Роумен ступил вперед, чтобы занять место Тео, и с удивлением стал смотреть, как его руки тянутся к перекладине изголовья. Узел на ее правой кисти развязался мигом, не успел Роумен его коснуться, и рука упала рядом с подушкой. Девчонка ею не воспользовалась – не стала ни драться, ни царапаться, даже волосы с лица не убрала. Роумен начал отвязывать другую руку, еще висевшую на шнурке от баскетбольных кедов. Потом он обернул девчонку простыней, на которой она лежала, и усадил. Взял ее туфли на высоких каблуках и с перекрестием красной кожи спереди – дрянь, годную только чтобы танцевать и выпендриваться. Послышался хохот и улюлюканье – это сперва, потом пошли издевки и наконец злые выкрики, но он с ней оттуда вышел, вывел ее сквозь танцующую толпу и на крыльцо. Дрожа, она вцепилась в туфли, он ей их отдал. Если кто из них двоих и был до этого пьян, то теперь протрезвел. Дыхание сносило холодным ветром.
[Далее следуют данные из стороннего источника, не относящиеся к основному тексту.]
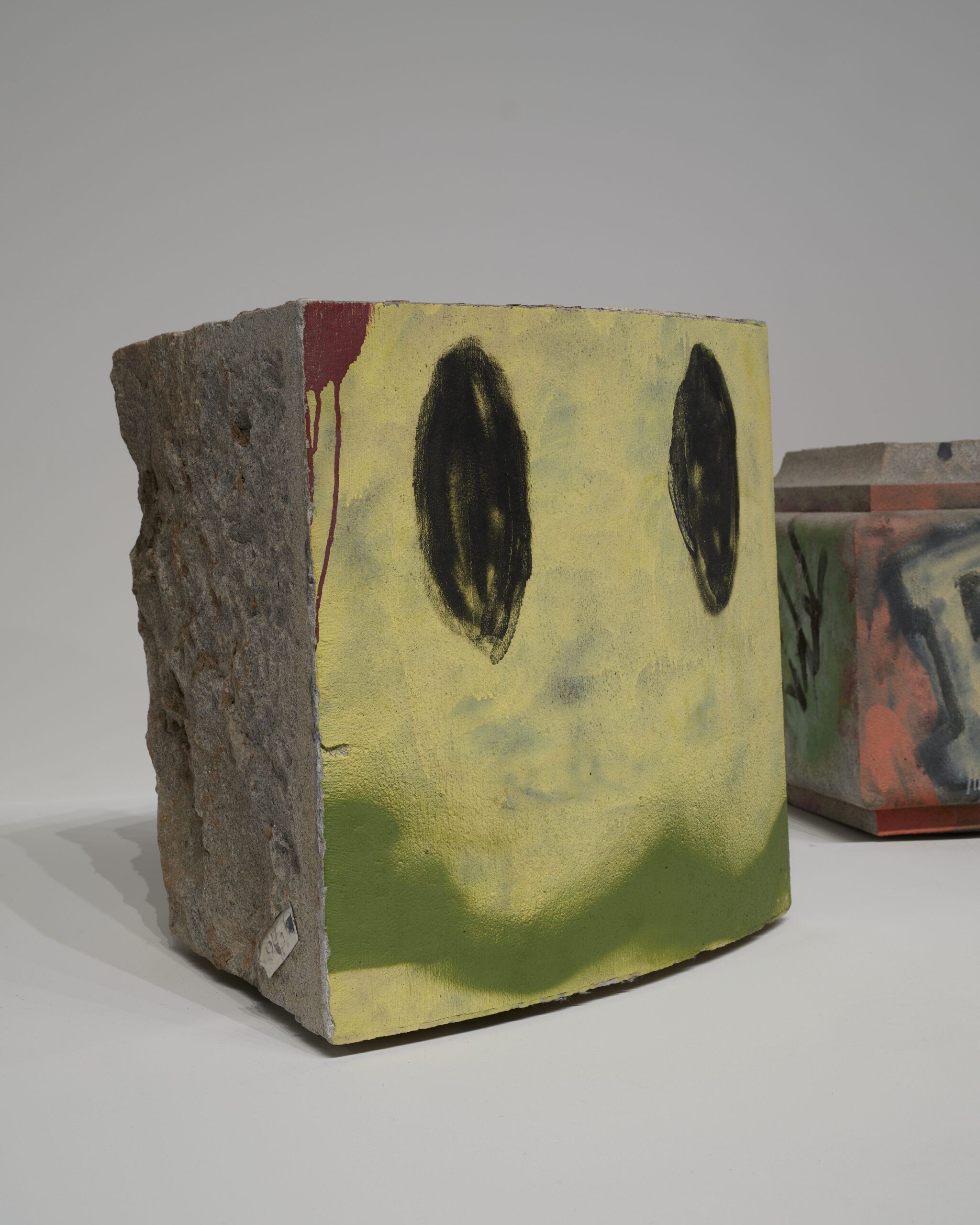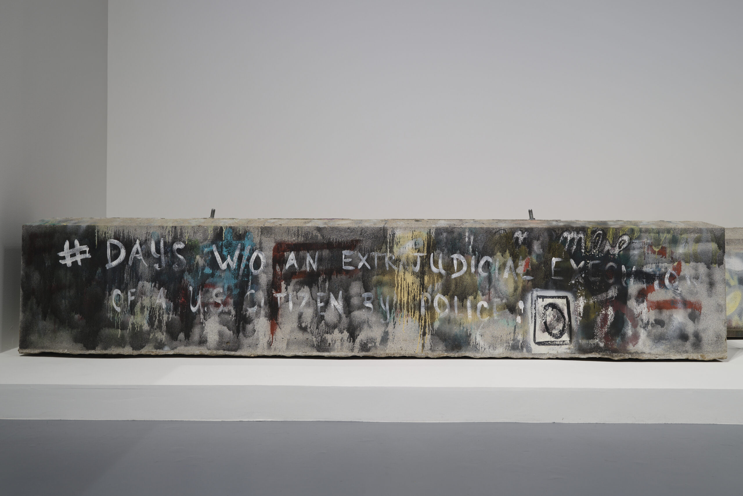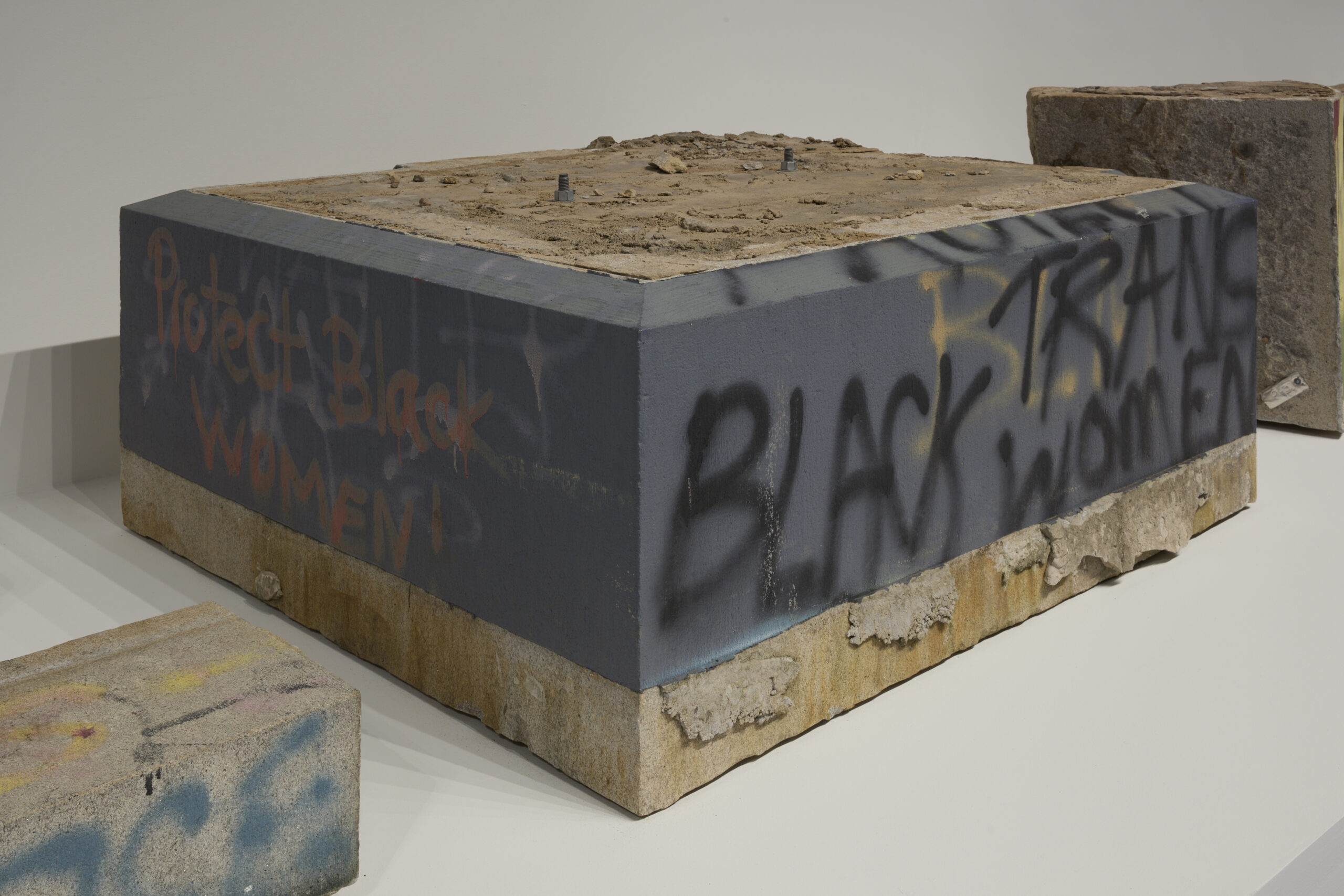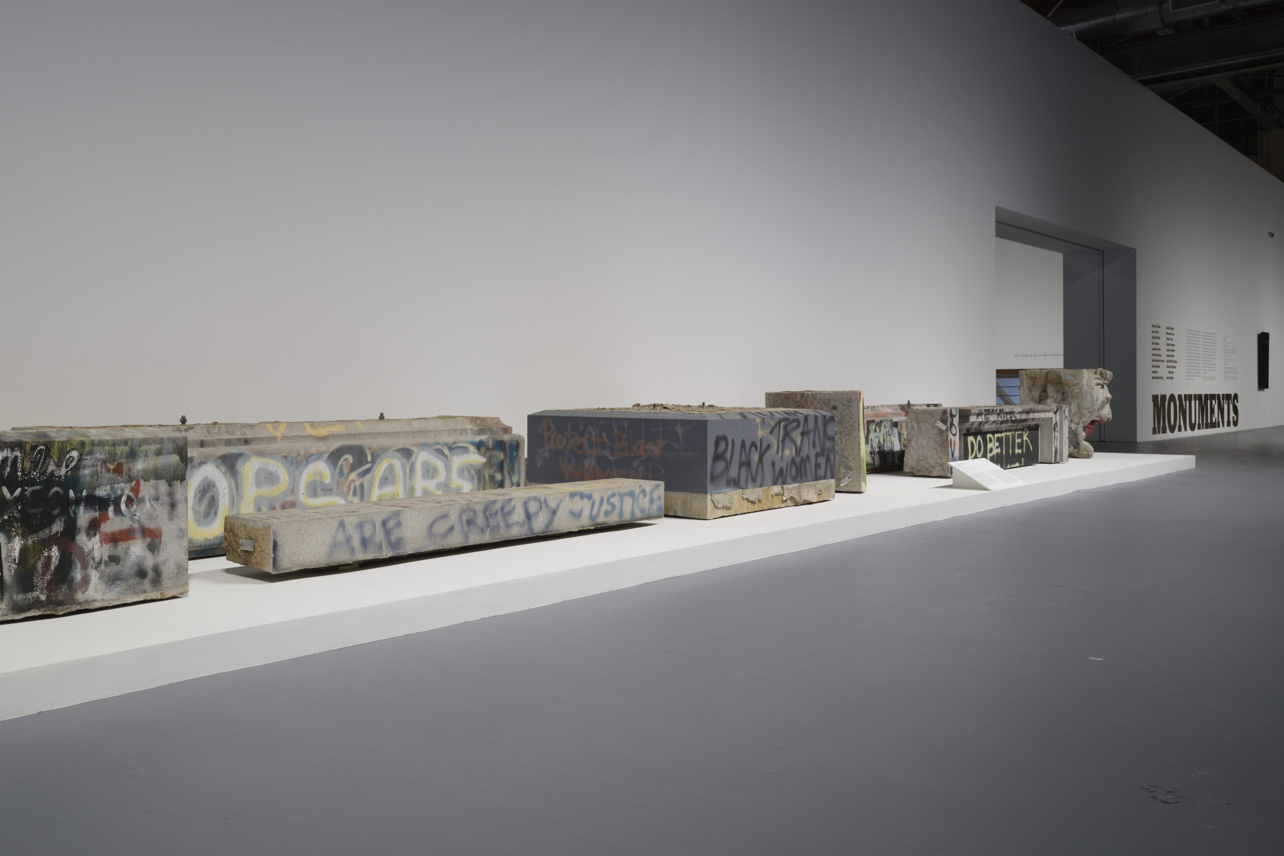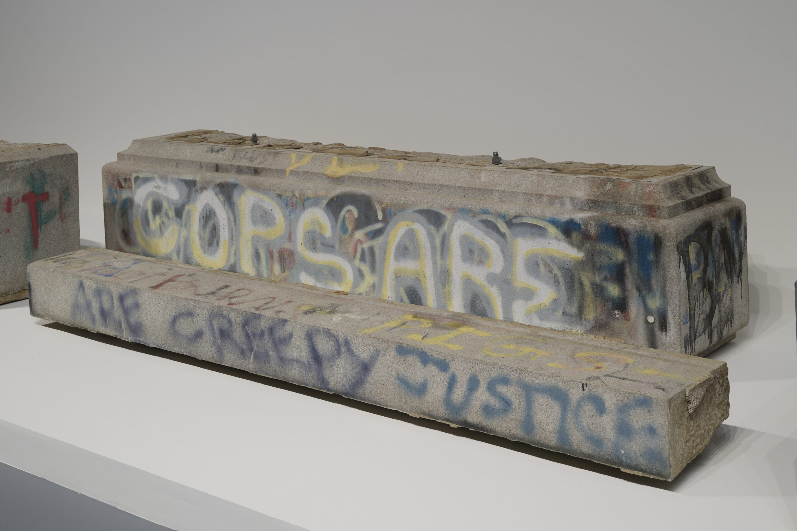 As one of the harder stones used in carving, granite signifies eternity. The Lee base fragments, now spread over the grounds of Richmond’s wastewater treatment plant, recall the archaeological ruins of a structure meant to span generations, to remain in place in perpetuity. The fragments on view in MONUMENTS constitute a record of the activist campaign to nullify Lost Cause monuments and render that intended permanence impermanent. The graffiti on these chunks of stone make visible a public dialogue with the objects once attached to them.

Хотел что-то сказать, подумал, как девку звать-то – Фей? Фейт? – но вдруг почувствовал, что даже видеть ее не может. Если бы она стала его благодарить, он ее задушил бы. Повезло: не сказала ни слова. Глядя широко раскрытыми застывшими глазами, она надела туфли и одернула юбку. Все их теплые вещи – его новая кожаная куртка и что там было на ней – остались в доме.

Открылась дверь; выбежали две девчонки, у одной в руках пальто, другая протягивает сумочку.

– Мышка-Фэй! Что случилось?

Роумен повернулся и пошел.

– Ты чего, подруга? Что с тобой? Эй, ты! Ты что ей сделал?

Роумен не остановился.

– А ну вернись! Он приставал к тебе? Ну а кто? Кто? Посмотри, что у тебя с волосами! Вот, надень пальто. Мышка-Фэй! Ну, подруга, ну скажи уже что-нибудь, а?

Их тревога, забота, их крики слышались ему ударами цимбал, что подчеркивают, не заглушая, выкрик трубы – то слово, которым Тео обозвал его, то худшее на свете оскорбление, ругательство, самый звук которого, взвившись в воздух, будет звучать, раскатываться эхом, и оборвать его сможет только выстрел. Иначе этому конца не будет – никогда в жизни.

Последние три дня он был посмешищем. Вся их дружба, которой он только что с такой легкостью обзавелся – да не только что, тому уже четыре месяца! – пошла прахом. Даже просто не опустить глаз, выдержать взгляд любого из шестерых, кроме Фредди, казалось наказуемой дерзостью, вызовом, и даже когда он ничего такого не пытался, вообще не смотрел в их сторону, все равно трубный звук не смолкал. Уже без Роумена они собирались у цепного забора; а если он зайдет и сядет за столик в закусочной "У Пэтти", сразу покидали заведение. Даже самые невзыскательные простушки-хохотушки чувствовали его отверженность, как будто весь его прикид вдруг стал отстойным: футболка – слишком белой, штаны слишком отглаженными, а кроссовки так и вовсе, что называется, лажовым кренделем шнурованы.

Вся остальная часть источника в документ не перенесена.